There are two aspects of the work here that, in our opinion, represent opportunities for improvement to the analysis capability. First, in what we report above, the analyst must decide a priori what concepts will be examined in the analysis. While such a strategy is useful, it is somewhat limited in that there may be other salient concepts in the text that will remain undiscovered because they are not present in the set of concepts under examination. There are computational models that are capable of automatically extracting topics from text (e.g., Blei, 2012). These so-called, Topic Models are typically applied to documents that are longer than tweets, so it is unclear how well they can be applied in the social media context where texts are very short. The Topic Model’s applicability to extracting topics automatically from tweets will be explored in upcoming work.
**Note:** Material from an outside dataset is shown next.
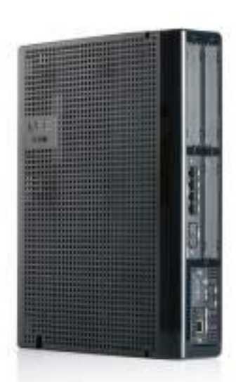
SL2100 Communication Server: Scalable from 5 to 100+ users

The second opportunity for improvement could be developed using the lexicon-based approach we used to tabulate the frequency of concepts. Recall that each concept was comprised of a set of words, and that if a tweet contained one or more words of the concept, the frequency of the concept was incremented. Clearly then, how well the system is able to characterise the presence of a concept will depend on how comprehensively the concept is represented by the words in the lexicon. The technique worked well in the results we reported here, but could be improved by algorithms that are able to match terms on their meaning rather than a strict match on spelling. For example, our concept for marriage did not include the terms, ‘bride’ and ‘groom’, when clearly they could (or perhaps should) have been. Not having them in the concept means that tweets containing either ‘bride’ or ‘groom’ would not be identified as being relevant to the concept. The solution would be an algorithm that knows when words are related to a concept even if the word is not present in the list of words that comprises it. There are semantic models that can, in an unsupervised fashion, generate ‘meaning’ representations for words. Perhaps the most popular example is Latent Semantic Analysis (LSA; Landauer & Dumais, 1997). LSA performs statistics on a matrix describing the frequency with which terms appear in each document of a large collection of text. In the end, each word is represented as a vector which behaves much like a “meaning” in that the vectors for two semantically related words like dog and puppy will be similar as measured by their cosine (akin to a correlation coefficient wherein a value of 1 means they are identical, and a 0 means that the two are completely dissimilar). The power of LSA as a semantic model lies in its ability to deduce that terms are related even if they never occur together in the same document.

Unfortunately, models like LSA do not represent the form of the semantic relationship between words. Specifically, they cannot differentiate among the various forms of semantic association. So, a term like married is as similar to its synonym, wed as it is to its antonym, divorced. As they currently exist then, unsupervised models of semantics do not provide the required precision to support the technique and would require further development.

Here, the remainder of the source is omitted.